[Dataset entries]
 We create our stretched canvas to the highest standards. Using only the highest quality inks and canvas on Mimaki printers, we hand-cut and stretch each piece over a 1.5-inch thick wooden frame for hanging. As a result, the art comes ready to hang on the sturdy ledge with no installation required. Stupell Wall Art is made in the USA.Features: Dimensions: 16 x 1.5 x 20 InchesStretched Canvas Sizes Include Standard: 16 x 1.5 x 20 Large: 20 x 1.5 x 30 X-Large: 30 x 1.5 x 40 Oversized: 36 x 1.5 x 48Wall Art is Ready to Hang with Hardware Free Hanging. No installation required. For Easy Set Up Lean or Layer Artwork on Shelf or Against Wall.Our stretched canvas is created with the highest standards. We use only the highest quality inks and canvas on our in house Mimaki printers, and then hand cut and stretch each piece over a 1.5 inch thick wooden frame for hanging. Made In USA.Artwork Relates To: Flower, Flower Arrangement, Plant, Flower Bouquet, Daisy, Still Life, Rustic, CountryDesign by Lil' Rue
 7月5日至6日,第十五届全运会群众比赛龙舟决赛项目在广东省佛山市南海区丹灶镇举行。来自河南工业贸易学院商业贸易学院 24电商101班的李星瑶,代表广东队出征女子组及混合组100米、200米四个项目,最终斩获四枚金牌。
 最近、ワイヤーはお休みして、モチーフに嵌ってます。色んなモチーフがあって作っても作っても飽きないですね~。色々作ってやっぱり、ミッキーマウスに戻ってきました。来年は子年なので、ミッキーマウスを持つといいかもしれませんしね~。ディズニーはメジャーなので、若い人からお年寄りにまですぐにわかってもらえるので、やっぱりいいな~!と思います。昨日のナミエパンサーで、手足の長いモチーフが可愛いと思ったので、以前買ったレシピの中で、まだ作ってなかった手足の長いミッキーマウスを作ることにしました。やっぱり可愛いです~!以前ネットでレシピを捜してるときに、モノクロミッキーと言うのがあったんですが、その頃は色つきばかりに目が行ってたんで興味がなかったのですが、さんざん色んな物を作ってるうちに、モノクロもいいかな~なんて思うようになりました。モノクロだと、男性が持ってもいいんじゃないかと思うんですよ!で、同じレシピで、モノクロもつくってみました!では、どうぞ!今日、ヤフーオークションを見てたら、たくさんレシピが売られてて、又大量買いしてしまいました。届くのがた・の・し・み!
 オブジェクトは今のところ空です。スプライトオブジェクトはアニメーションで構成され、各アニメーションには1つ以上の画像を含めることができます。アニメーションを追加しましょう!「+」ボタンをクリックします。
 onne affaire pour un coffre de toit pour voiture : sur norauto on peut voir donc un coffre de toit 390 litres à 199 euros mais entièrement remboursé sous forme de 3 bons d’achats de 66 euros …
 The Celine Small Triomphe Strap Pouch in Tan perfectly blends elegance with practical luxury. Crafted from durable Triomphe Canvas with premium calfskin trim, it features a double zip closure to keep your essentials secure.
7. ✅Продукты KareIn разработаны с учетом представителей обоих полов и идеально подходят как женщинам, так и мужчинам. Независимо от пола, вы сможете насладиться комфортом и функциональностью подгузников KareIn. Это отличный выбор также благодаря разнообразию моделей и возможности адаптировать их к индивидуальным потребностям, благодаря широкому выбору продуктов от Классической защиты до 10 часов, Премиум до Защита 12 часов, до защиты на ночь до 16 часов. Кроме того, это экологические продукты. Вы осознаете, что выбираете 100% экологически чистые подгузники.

EXERCISE DETAILS: Only the lines from the start of the data to the line holding "The Celine Small" are wanted; return them exactly, both ends included.

RESULT:
 We create our stretched canvas to the highest standards. Using only the highest quality inks and canvas on Mimaki printers, we hand-cut and stretch each piece over a 1.5-inch thick wooden frame for hanging. As a result, the art comes ready to hang on the sturdy ledge with no installation required. Stupell Wall Art is made in the USA.Features: Dimensions: 16 x 1.5 x 20 InchesStretched Canvas Sizes Include Standard: 16 x 1.5 x 20 Large: 20 x 1.5 x 30 X-Large: 30 x 1.5 x 40 Oversized: 36 x 1.5 x 48Wall Art is Ready to Hang with Hardware Free Hanging. No installation required. For Easy Set Up Lean or Layer Artwork on Shelf or Against Wall.Our stretched canvas is created with the highest standards. We use only the highest quality inks and canvas on our in house Mimaki printers, and then hand cut and stretch each piece over a 1.5 inch thick wooden frame for hanging. Made In USA.Artwork Relates To: Flower, Flower Arrangement, Plant, Flower Bouquet, Daisy, Still Life, Rustic, CountryDesign by Lil' Rue
 7月5日至6日,第十五届全运会群众比赛龙舟决赛项目在广东省佛山市南海区丹灶镇举行。来自河南工业贸易学院商业贸易学院 24电商101班的李星瑶,代表广东队出征女子组及混合组100米、200米四个项目,最终斩获四枚金牌。
 最近、ワイヤーはお休みして、モチーフに嵌ってます。色んなモチーフがあって作っても作っても飽きないですね~。色々作ってやっぱり、ミッキーマウスに戻ってきました。来年は子年なので、ミッキーマウスを持つといいかもしれませんしね~。ディズニーはメジャーなので、若い人からお年寄りにまですぐにわかってもらえるので、やっぱりいいな~!と思います。昨日のナミエパンサーで、手足の長いモチーフが可愛いと思ったので、以前買ったレシピの中で、まだ作ってなかった手足の長いミッキーマウスを作ることにしました。やっぱり可愛いです~!以前ネットでレシピを捜してるときに、モノクロミッキーと言うのがあったんですが、その頃は色つきばかりに目が行ってたんで興味がなかったのですが、さんざん色んな物を作ってるうちに、モノクロもいいかな~なんて思うようになりました。モノクロだと、男性が持ってもいいんじゃないかと思うんですよ!で、同じレシピで、モノクロもつくってみました!では、どうぞ!今日、ヤフーオークションを見てたら、たくさんレシピが売られてて、又大量買いしてしまいました。届くのがた・の・し・み!
 オブジェクトは今のところ空です。スプライトオブジェクトはアニメーションで構成され、各アニメーションには1つ以上の画像を含めることができます。アニメーションを追加しましょう!「+」ボタンをクリックします。
 onne affaire pour un coffre de toit pour voiture : sur norauto on peut voir donc un coffre de toit 390 litres à 199 euros mais entièrement remboursé sous forme de 3 bons d’achats de 66 euros …
 The Celine Small Triomphe Strap Pouch in Tan perfectly blends elegance with practical luxury. Crafted from durable Triomphe Canvas with premium calfskin trim, it features a double zip closure to keep your essentials secure.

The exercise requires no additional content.